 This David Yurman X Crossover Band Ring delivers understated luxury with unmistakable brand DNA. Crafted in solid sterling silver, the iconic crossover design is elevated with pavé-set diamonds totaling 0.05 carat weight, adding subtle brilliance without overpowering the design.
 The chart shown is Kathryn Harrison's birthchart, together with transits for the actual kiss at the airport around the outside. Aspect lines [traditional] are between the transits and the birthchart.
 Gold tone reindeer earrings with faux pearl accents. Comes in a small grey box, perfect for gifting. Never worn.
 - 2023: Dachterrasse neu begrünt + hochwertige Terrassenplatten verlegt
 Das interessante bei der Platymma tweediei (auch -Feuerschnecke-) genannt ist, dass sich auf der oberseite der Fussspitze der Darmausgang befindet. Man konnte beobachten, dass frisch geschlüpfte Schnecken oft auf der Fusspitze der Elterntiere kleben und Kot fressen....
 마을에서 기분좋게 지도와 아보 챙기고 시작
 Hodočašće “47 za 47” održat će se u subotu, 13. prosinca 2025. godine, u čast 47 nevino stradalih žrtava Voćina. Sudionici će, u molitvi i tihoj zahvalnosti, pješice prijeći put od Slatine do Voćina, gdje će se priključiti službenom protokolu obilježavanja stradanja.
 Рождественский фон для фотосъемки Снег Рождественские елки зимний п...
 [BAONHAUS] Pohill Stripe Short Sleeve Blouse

......

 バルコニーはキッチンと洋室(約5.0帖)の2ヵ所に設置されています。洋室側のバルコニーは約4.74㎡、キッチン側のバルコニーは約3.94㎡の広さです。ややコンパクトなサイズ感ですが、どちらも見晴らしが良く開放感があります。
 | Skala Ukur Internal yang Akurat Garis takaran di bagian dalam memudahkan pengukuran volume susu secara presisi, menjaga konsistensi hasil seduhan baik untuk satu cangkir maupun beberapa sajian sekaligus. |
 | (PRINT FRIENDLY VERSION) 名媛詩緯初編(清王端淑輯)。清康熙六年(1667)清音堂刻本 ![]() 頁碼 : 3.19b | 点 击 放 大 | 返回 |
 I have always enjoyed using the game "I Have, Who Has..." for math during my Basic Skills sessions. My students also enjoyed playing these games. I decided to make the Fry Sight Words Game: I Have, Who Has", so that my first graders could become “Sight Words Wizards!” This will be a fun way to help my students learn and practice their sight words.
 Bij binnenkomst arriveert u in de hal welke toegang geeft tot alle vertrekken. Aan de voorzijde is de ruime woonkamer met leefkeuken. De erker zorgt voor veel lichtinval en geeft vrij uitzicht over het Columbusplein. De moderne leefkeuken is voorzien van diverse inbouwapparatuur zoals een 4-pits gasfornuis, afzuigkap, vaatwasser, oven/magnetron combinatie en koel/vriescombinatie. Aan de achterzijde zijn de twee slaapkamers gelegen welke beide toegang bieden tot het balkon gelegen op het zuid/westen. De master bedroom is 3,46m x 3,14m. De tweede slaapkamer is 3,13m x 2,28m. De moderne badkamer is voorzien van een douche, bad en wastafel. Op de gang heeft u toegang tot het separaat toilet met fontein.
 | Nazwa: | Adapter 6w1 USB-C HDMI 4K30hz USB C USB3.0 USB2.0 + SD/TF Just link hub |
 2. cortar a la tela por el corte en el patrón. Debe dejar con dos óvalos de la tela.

......

**BRIEF**
The lines above from the one with "protokolu obilježavanja stradanja." through the one with "[BAONHAUS] Pohill Stripe Short Sleeve Blouse" are to be duplicated exactly, ends included, with nothing added.

**WRITTEN ANSWER**
 Hodočašće “47 za 47” održat će se u subotu, 13. prosinca 2025. godine, u čast 47 nevino stradalih žrtava Voćina. Sudionici će, u molitvi i tihoj zahvalnosti, pješice prijeći put od Slatine do Voćina, gdje će se priključiti službenom protokolu obilježavanja stradanja.
 Рождественский фон для фотосъемки Снег Рождественские елки зимний п...
 [BAONHAUS] Pohill Stripe Short Sleeve Blouse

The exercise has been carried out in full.